» Available data
--------------------------------------------------
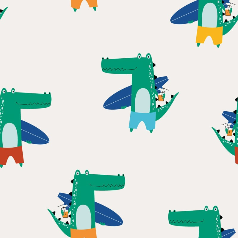 Surfende krokodilEen vrolijk zomers printje deze stof, met krokofillen en een surfbord.
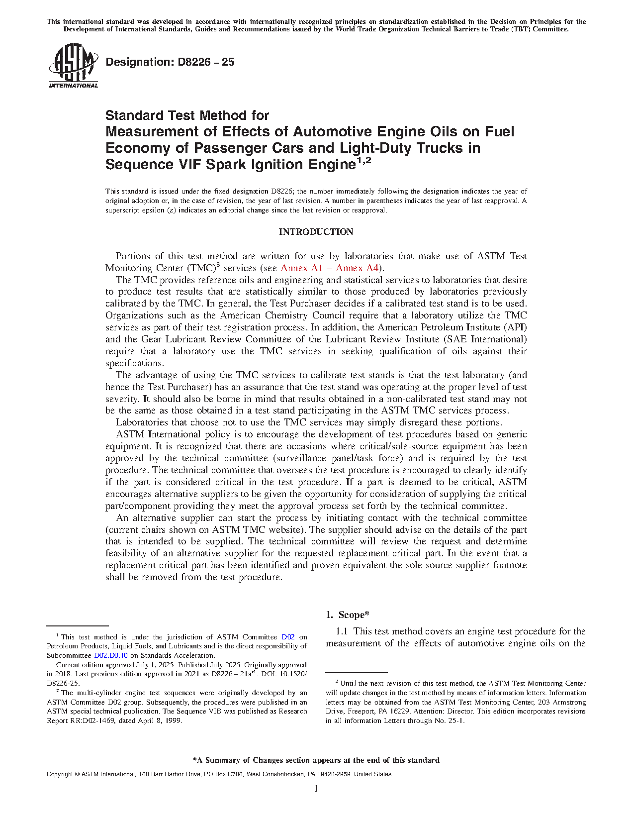 5.2 Use—The Sequence VIF test method is useful for engine oil fuel economy specification acceptance. It is used in specifications and classifications of engine lubricating oils, such as the following:
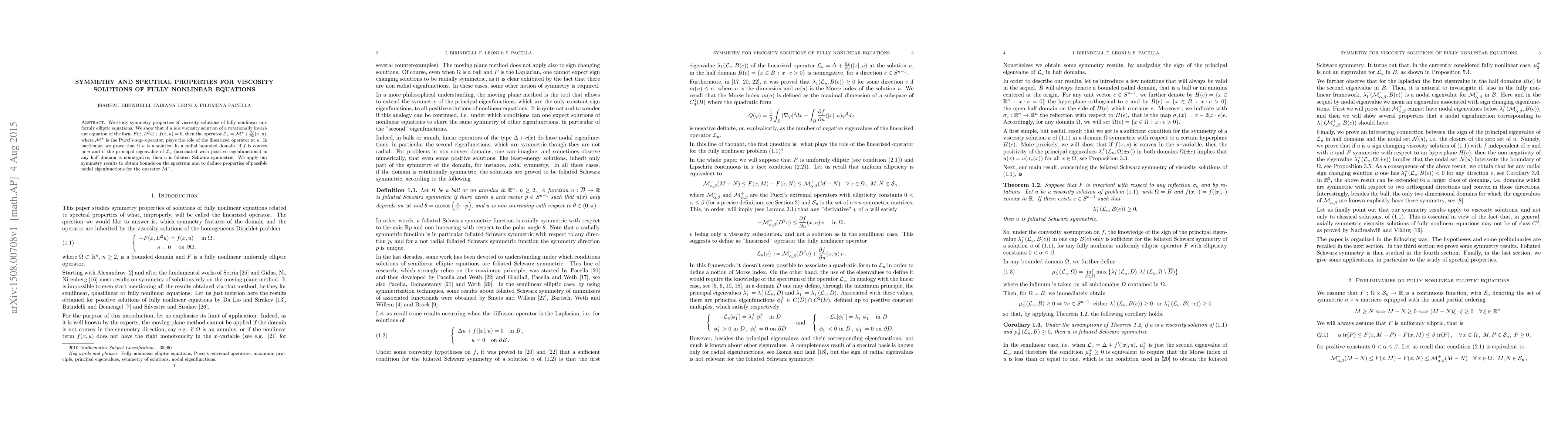 This paper investigates symmetry properties of viscosity solutions for fully nonlinear uniformly elliptic equations, proving that under certain conditions, solutions exhibit foliated Schwarz symmetry. It also derives bounds on the spectrum and properties of nodal eigenfunctions for the associated Pucci's sup-operator.
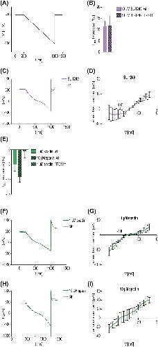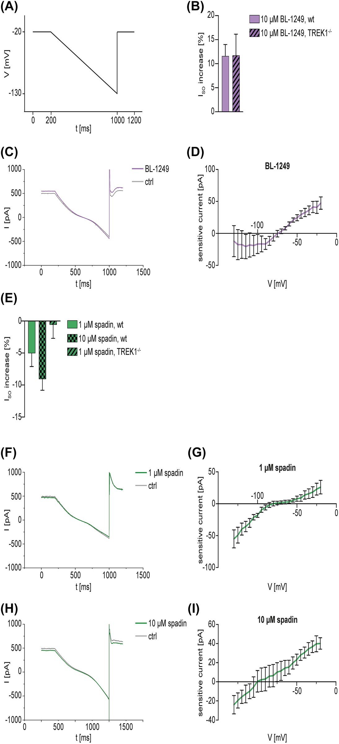 Figure 4: Whole-cell voltage-clamp recordings in VB neurons of wt C57BL/6J and TREK1−/− mice after treatment with the TREK1 activator BL-1249 or the TREK1 blocker spadin. A: Ramp protocol used for voltage-clamp experiments. Cells were first held at −20 mV for 200 ms, then hyperpolarized to −130 mV over 800 ms, followed by another step at −20 mV for 200 ms. The ISO was measured before and after the substance was washed into the external bath solution and its increase [%] was calculated. Sensitive currents were calculated by graphically subtracting the currents before and after the substance was washed in. B: Effects of BL-1249 on the ISO in VB neurons of wt C57BL/6J and TREK1−/− mice. 10 µM of BL-1249 were applied (unpaired Mann-Whitney U test, n = 6 wt, n = 5 – TREK−/−, p > 0.05). C: Exemplary recording of a VB neuron in wt C57BL/6J mice before (grey trace) and after (violet trace) the application of 10 µM BL-1249. D: Mean sensitive currents of voltage-clamp recordings in VB neurons of wt C57BL/6 mice after treatment with 10 µM BL-1249 (reversal potential at −75 mV). E: Effect of spadin on the ISO in VB neurons of wt C57BL/6J and TREK1−/− mice. Concentrations of both 1 µM (in wt C57BL/6J and TREK1−/− mice) and 10 µM (in wt C57BL/6J mice) spadin were tested. Increases of ISO [%] are depicted (Kruskal–Wallis test with Dunn´s post-hoc test, n = 5 for all groups, p > 0.05). F, H: Exemplary recording of VB neurons in wt C57BL/6J mice before (grey trace) and after (green trace) the application of spadin (1 µM, F; 10 µM, H). G, I: Mean sensitive currents of voltage-clamp recordings in VB neurons of wt C57BL/6 mice after treatment with 1 µM (G, equilibrium potential at −80 mV) or 10 µM spadin (I, equilibrium potential at −100 mV), respectively. Abbreviations: Ctrl, control; DMSO, dimethyl sulfoxide; I, current; ISO, standing outward current; ms, milliseconds; mV, millivolt; pA, picoampere; s, seconds; SEM, standard error of the mean; t, time; TREK1, TWIK-related potassium channel 1; TREK1−/−, TREK1 knockout; V, voltage; VB, ventrobasal thalamic complex; wt, wild type. |
--------------------------------------------------
» Task details
With all pictures left out, please transcribe exactly the lines from the start of the material through the line with "This paper investigates".

» Expected output
 Surfende krokodilEen vrolijk zomers printje deze stof, met krokofillen en een surfbord.
 5.2 Use—The Sequence VIF test method is useful for engine oil fuel economy specification acceptance. It is used in specifications and classifications of engine lubricating oils, such as the following:
 This paper investigates symmetry properties of viscosity solutions for fully nonlinear uniformly elliptic equations, proving that under certain conditions, solutions exhibit foliated Schwarz symmetry. It also derives bounds on the spectrum and properties of nodal eigenfunctions for the associated Pucci's sup-operator.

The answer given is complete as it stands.